(Information Opens)

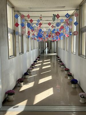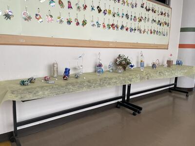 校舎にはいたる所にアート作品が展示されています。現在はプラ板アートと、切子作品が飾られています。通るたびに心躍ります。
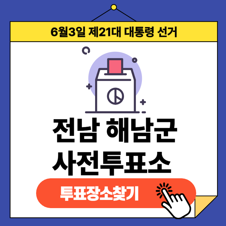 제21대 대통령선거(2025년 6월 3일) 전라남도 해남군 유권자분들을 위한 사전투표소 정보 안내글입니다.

(Information Closes)
(Information Opens)

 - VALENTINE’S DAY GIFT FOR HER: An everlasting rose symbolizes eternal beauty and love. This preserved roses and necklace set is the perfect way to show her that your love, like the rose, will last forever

(Information Closes)

• Instructions to follow:
Although pictures appear among the records above, none are to be output; print exactly the lines from the line containing "校舎にはいたる所にアート作品" through the line containing "제21대 대통령선거(2025년 6월".

• Output of the task:
 校舎にはいたる所にアート作品が展示されています。現在はプラ板アートと、切子作品が飾られています。通るたびに心躍ります。
 제21대 대통령선거(2025년 6월 3일) 전라남도 해남군 유권자분들을 위한 사전투표소 정보 안내글입니다.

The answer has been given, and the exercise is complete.